Although the notation in Equation \eqref{eq:example} suggests multiplication, note that everything is function application, because really that’s all there is in lambda calculus.

Consider the factorial function \(\code{fact}\):

\[\label{eq:fact-recursive} \code{fact} = \lambda\, n : (\code{if}\, (\code{iszero}\, n) \, 1 \, (\code{multiply}\, n\, (\code{fact}\, (\code{subtract}\, n\, 1)))).\]

In words, if \(n\) is zero, return \(1\); otherwise, multiply \(n\) with \(\code{fact}(n-1)\). Equation \eqref{eq:fact-recursive} would be a valid expression if lambda calculus would allow us to use \(\code{fact}\) in the definition of \(\code{fact}\). Unfortunately, it doesn’t. Tricky. Let’s replace the inner \(\code{fact}\) by a variable \(f\):

\[\code{fact}' = \lambda\, f: \lambda\, n : (\code{if}\, (\code{iszero}\, n) \, 1 \, (\code{multiply}\, n\, (f\, (\code{subtract}\, n\, 1)))).\]

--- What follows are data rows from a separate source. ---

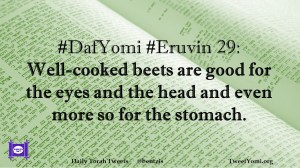 DafYomi, Eruvin #DafYomi #Eruvin 29 Date: September 7, 2020Author: ysspitz #DafYomi #Eruvin 29: Well-cooked beets are good for the eyes and the head and even more so for the stomach. Share this: Share on X (Opens in new window) X Share on Facebook (Opens in new window) Facebook Like Loading... Related
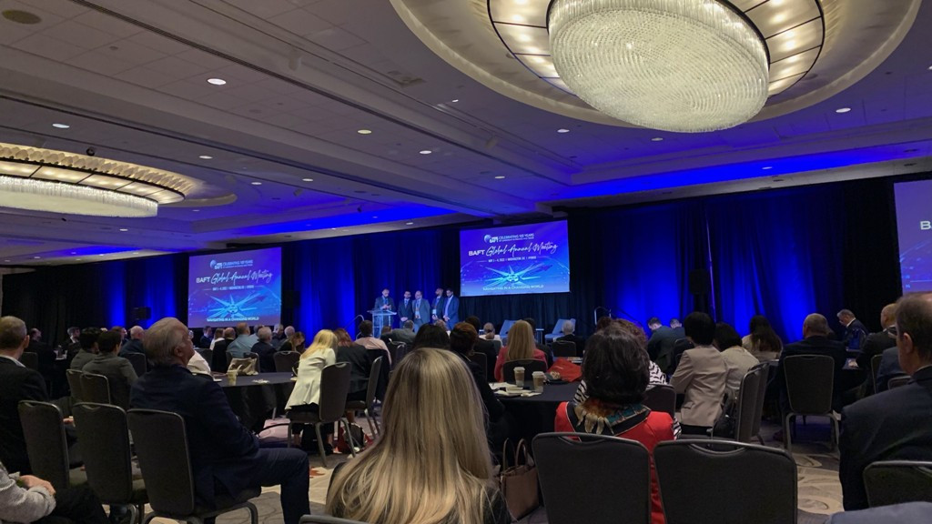 Hibrid formatda – həm onlayn, həm canlı şəkildə ABŞ-ın Vaşinqton şəhərində təşkil olunan BAFT-ın builki Qlobal Toplantısı qurumun 100 illik yubileyinə həsr olunub. Tədbir beynəlxalq ekspertlərin çıxışları, müxtəlif mövzularda sessiyalar və iştirakçılar arasında fikir mübadilələrinin aparılması üçün ikitərəfli görüşlərlə yadda qalıb. Gündəmdə olan mövzular sırasına qlobal iqtisadiyyat və gələcək fəaliyyət, rəqəmsallaşma və texnologiya, dünya iqtisadiyyatına və onun sabitliyinə təsir edən yeni çağırışlar, ekoloji, sosial və korporativ idarəetmə və digər məsələlər daxil edilib.
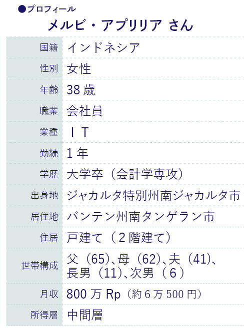 リース関連の企業で13年働いた後、現在のIT企業に転職したメルビ・アプリリアさん。首都ジャカルタからほど近いバンテン州南タンゲラン市で、夫、11歳と6歳の男の子、定年退職した両親と共に暮らしている。

Now, crucially, the Y combinator \(Y\) is precisely designed to construct \(\code{fact}\) from \(\code{fact}'\):

\[Y\, \code{fact}' = \code{fact}.\]

To see this, let’s denote \(\code{fact2}=Y\,\code{fact}'\) and verify that \(\code{fact2}\) indeed equals \(\code{fact}\):

\begin{align} \code{fact2} &= Y\, \code{fact}’ \newline &= (\lambda\, f : (\lambda\, x : f\,(x\, x))\, (\lambda\, x : f\,(x\, x)))\, \code{fact}’ \newline &= (\lambda\, x : \code{fact}’\,(x\, x) )\, (\lambda\, x : \code{fact}’\,(x\, x)) \label{eq:step-1} \newline &= \code{fact}’\, ((\lambda\, x : \code{fact}’\, (x\, x))\,(\lambda\, x : \code{fact}’\, (x\, x))) \label{eq:step-2} \newline &= \code{fact}’\, (Y\, \code{fact}’) \newline &= \code{fact}’\, \code{fact2}, \end{align}

which is exactly what we’re looking for, because the first argument to \(\code{fact}'\) should be the actual factorial function, \(\code{fact2}\) in this case. Neat!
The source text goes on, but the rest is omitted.